Radar to track baby’s breathing and safety in crib

December 3rd, 2008 - 5:27 pm ICT by IANS  

Washington, Dec 3 (IANS) A technology that tracks enemy bombers and hurricanes will now detect another danger - when babies stop breathing.In a high-tech twist on the remote devices that allow parents to listen to or watch their baby from afar, University of Florida (UF) engineering researchers have built a prototype baby monitor that focuses on a baby’s breathing.

If his or her chest stops moving, the crib-mounted monitor detects the problem and sends an alarm to a portable unit kept by the parents.

“It’s a step beyond just watching the baby through a video link or hearing it cry,” said Jenshan Lin, a UF professor and principal investigator of the Doppler radar technology used in the monitor.

Parents buy millions of baby monitors every year in the US, but most transmit only sounds or video images of the baby - both useful, but only if a parent is listening or watching, according to an UF release.

Some recently available monitors also monitor babies’ movements and breathing, but Lin said he is not aware of any on the market that use wireless technology.

UF engineering students Changzhi Li, Julie Cummings, Jeffrey Lam, Eric Graves and Stephanie Jimenez designed the monitor.

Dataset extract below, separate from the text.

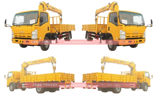 2018年最高のISUZU 6.3T伸縮式クレーントラック、ISUZUテクノロジーディーゼルエンジン190HP、操作が簡単な手動MLD 6シフトギアボックス、6300kg伸縮式ブームクレーンを装備、選択用のリモコンもあり、貨物ボックスの長さは3000mmから4500mmの範囲です。

They produced a small-book-sized device that attaches to the crib just like a standard monitor. They also designed a remote station with red, blue, green and yellow lights, variously indicating the status of the baby’s vital signs, the battery life of the station and confirming the station’s wireless connection to the crib monitor.

The station emits a loud alarm and flashes a red light when the monitor detects that the baby’s breathing activity has fallen below a preset threshold, or that he or she has stopped breathing.

Future versions could also detect heartbeat, using a higher frequency signal, Lin said.

The crib monitor’s signals are of very low power and not harmful to the baby or parents, Lin added. While a standard cell phone emits about one watt of power, the Doppler radar emits just one ten-thousandth of a watt of power, he said.

The findings will appear in the February issue of IEEE Microwave Magazine.